• _TO DO_
Would you return the lines that run from the start of the data below to the line with "Тюльпан Роман Емпір", both included, exactly as written and without pictures?

::: TASK MATERIAL :::

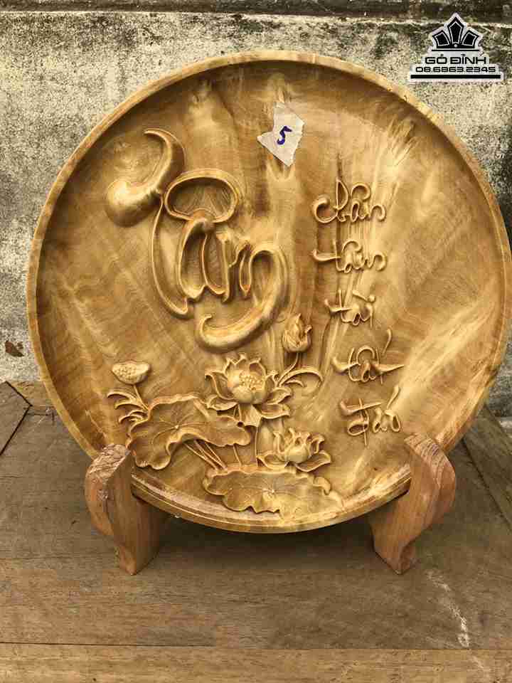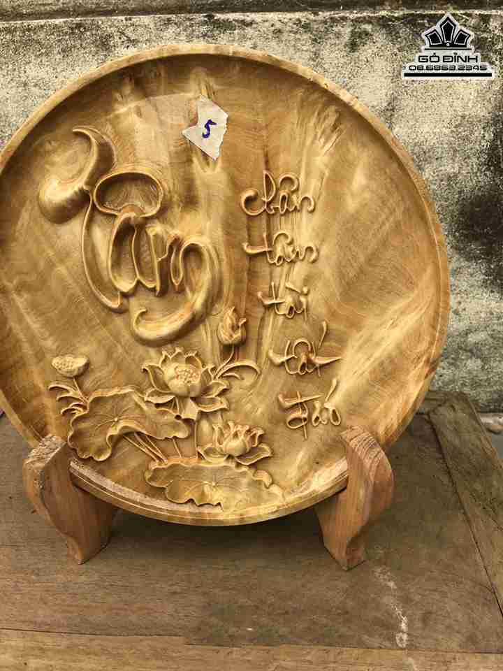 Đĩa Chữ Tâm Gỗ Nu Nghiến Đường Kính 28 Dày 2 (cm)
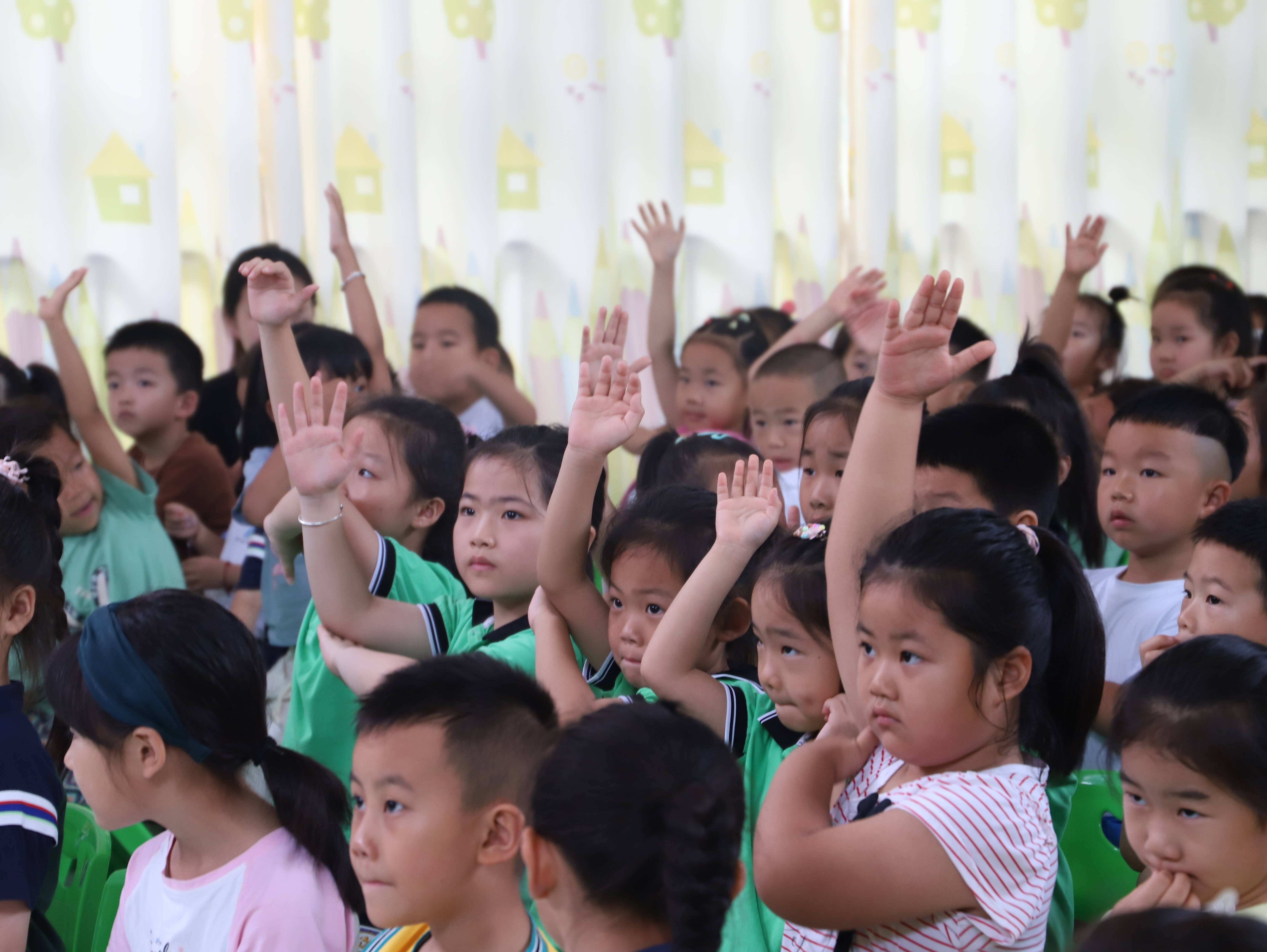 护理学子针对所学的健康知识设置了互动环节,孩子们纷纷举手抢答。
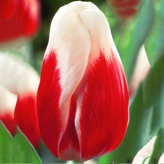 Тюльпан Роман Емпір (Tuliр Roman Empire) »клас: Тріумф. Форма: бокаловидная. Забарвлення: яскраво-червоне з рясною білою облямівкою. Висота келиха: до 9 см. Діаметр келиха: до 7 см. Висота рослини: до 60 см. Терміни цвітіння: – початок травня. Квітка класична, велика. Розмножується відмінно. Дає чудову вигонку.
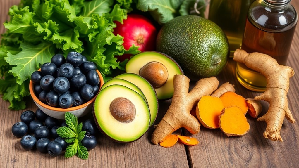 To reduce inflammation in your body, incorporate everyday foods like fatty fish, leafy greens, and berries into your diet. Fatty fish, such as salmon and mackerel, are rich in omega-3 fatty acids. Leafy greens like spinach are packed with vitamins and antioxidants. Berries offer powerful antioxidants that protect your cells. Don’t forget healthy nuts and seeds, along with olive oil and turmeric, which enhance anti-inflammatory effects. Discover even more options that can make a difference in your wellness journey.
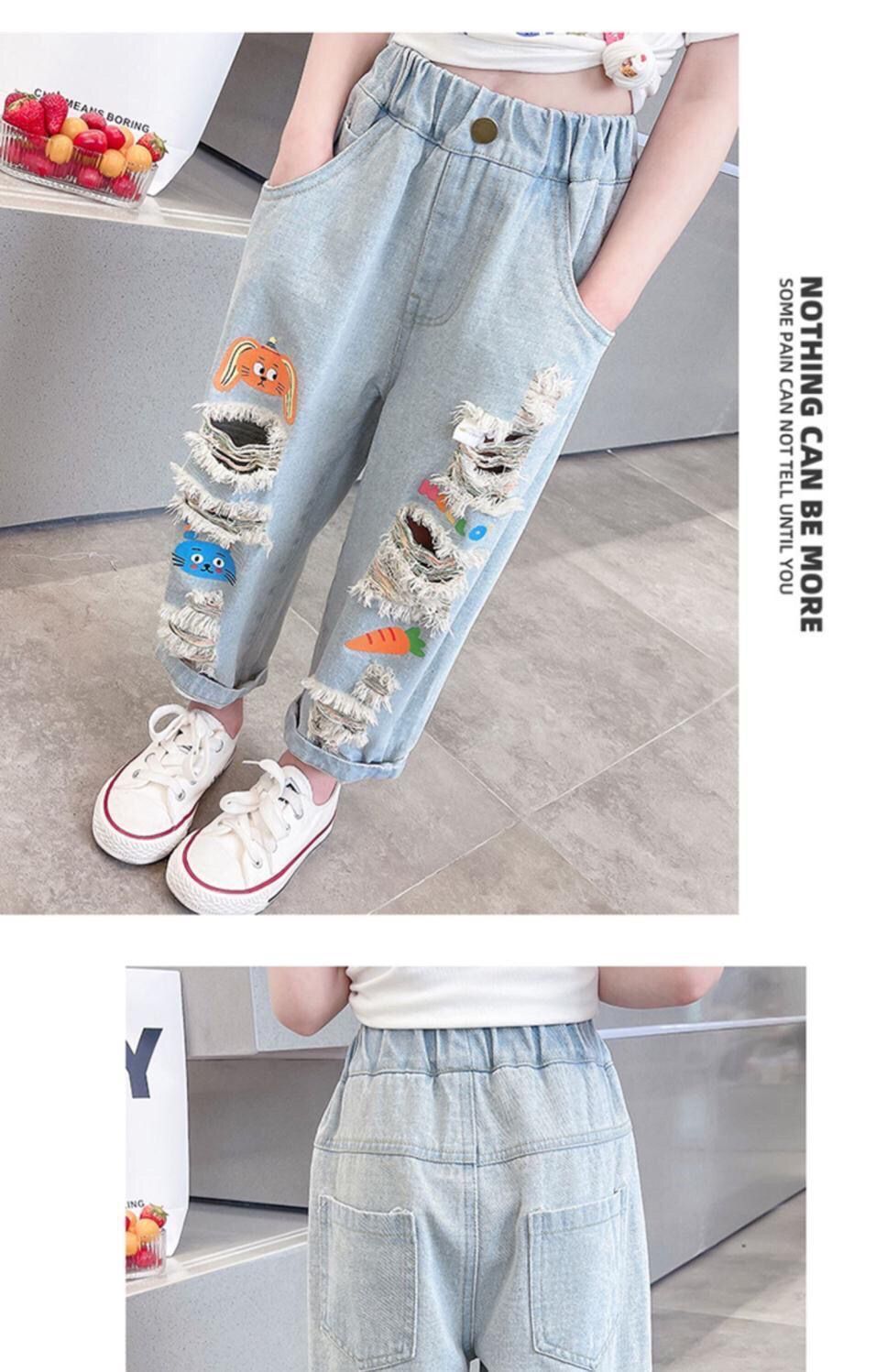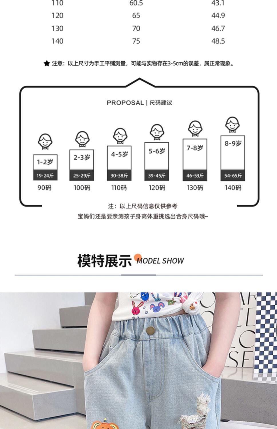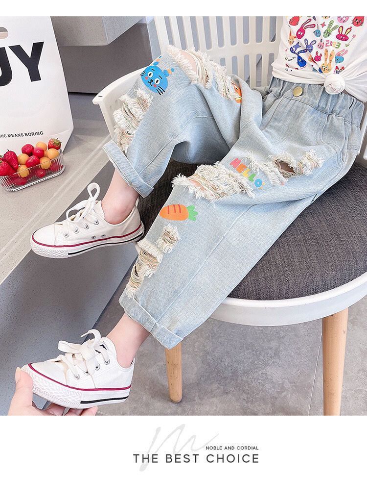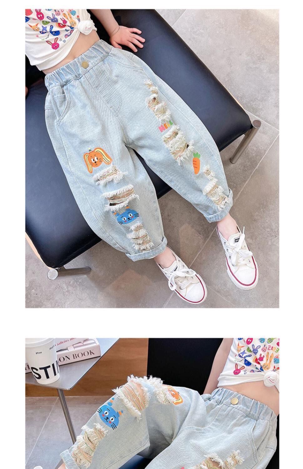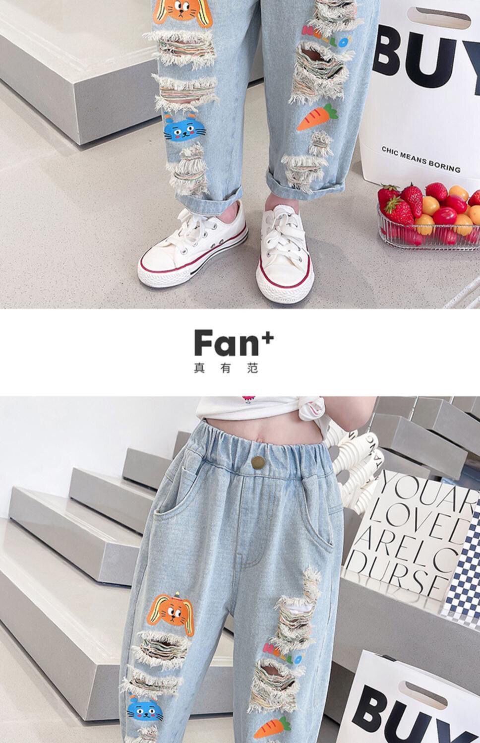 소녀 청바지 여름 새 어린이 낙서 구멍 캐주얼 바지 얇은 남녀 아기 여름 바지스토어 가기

:::

• _SOLUTION_
 Đĩa Chữ Tâm Gỗ Nu Nghiến Đường Kính 28 Dày 2 (cm)
 护理学子针对所学的健康知识设置了互动环节,孩子们纷纷举手抢答。
 Тюльпан Роман Емпір (Tuliр Roman Empire) »клас: Тріумф. Форма: бокаловидная. Забарвлення: яскраво-червоне з рясною білою облямівкою. Висота келиха: до 9 см. Діаметр келиха: до 7 см. Висота рослини: до 60 см. Терміни цвітіння: – початок травня. Квітка класична, велика. Розмножується відмінно. Дає чудову вигонку.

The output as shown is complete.